▸ **WHAT IS EXPECTED**
Where the lines below hold images, skip those and copy every word exactly.

▸ **DATA EXCERPT**
____________
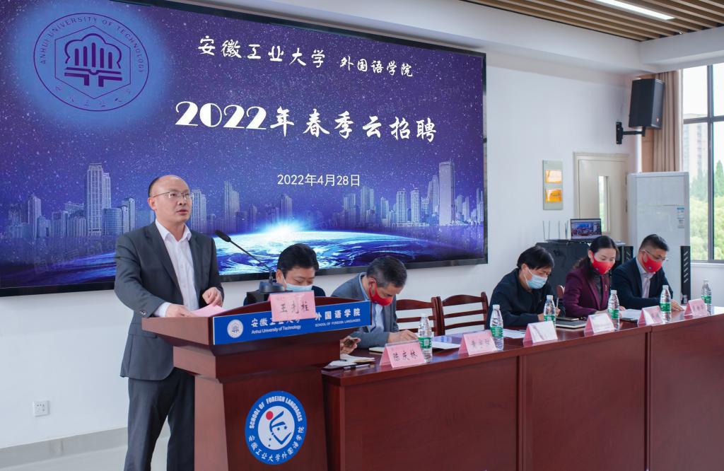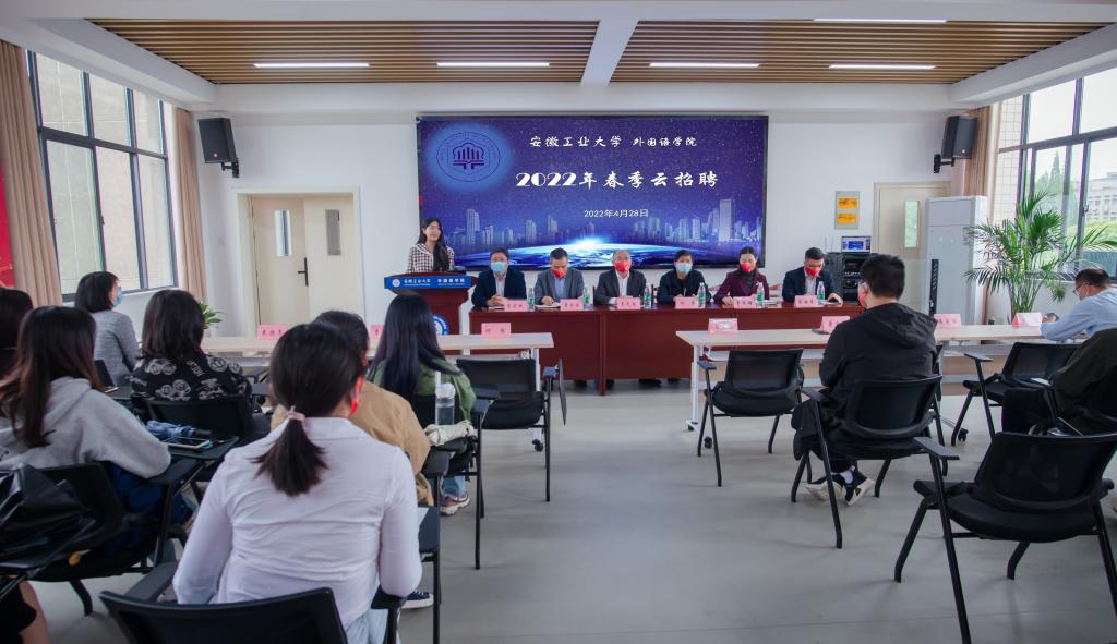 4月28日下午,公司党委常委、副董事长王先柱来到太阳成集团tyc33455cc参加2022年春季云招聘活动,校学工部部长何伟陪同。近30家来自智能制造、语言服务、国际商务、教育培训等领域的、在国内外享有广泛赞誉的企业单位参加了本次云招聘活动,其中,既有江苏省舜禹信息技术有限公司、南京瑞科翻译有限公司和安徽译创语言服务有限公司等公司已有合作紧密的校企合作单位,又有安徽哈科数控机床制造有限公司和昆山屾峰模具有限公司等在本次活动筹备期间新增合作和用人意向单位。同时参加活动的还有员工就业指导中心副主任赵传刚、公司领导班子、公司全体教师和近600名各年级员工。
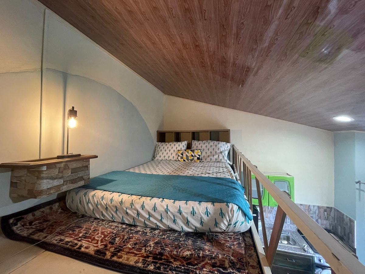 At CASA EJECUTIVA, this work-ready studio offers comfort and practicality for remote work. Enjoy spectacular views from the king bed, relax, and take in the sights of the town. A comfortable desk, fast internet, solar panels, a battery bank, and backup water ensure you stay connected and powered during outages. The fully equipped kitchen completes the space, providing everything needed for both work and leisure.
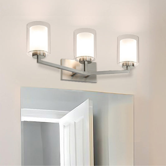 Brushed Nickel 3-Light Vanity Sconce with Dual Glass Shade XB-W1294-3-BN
____________
▸ **THE COMPLETED TASK**
 4月28日下午,公司党委常委、副董事长王先柱来到太阳成集团tyc33455cc参加2022年春季云招聘活动,校学工部部长何伟陪同。近30家来自智能制造、语言服务、国际商务、教育培训等领域的、在国内外享有广泛赞誉的企业单位参加了本次云招聘活动,其中,既有江苏省舜禹信息技术有限公司、南京瑞科翻译有限公司和安徽译创语言服务有限公司等公司已有合作紧密的校企合作单位,又有安徽哈科数控机床制造有限公司和昆山屾峰模具有限公司等在本次活动筹备期间新增合作和用人意向单位。同时参加活动的还有员工就业指导中心副主任赵传刚、公司领导班子、公司全体教师和近600名各年级员工。
 At CASA EJECUTIVA, this work-ready studio offers comfort and practicality for remote work. Enjoy spectacular views from the king bed, relax, and take in the sights of the town. A comfortable desk, fast internet, solar panels, a battery bank, and backup water ensure you stay connected and powered during outages. The fully equipped kitchen completes the space, providing everything needed for both work and leisure.
 Brushed Nickel 3-Light Vanity Sconce with Dual Glass Shade XB-W1294-3-BN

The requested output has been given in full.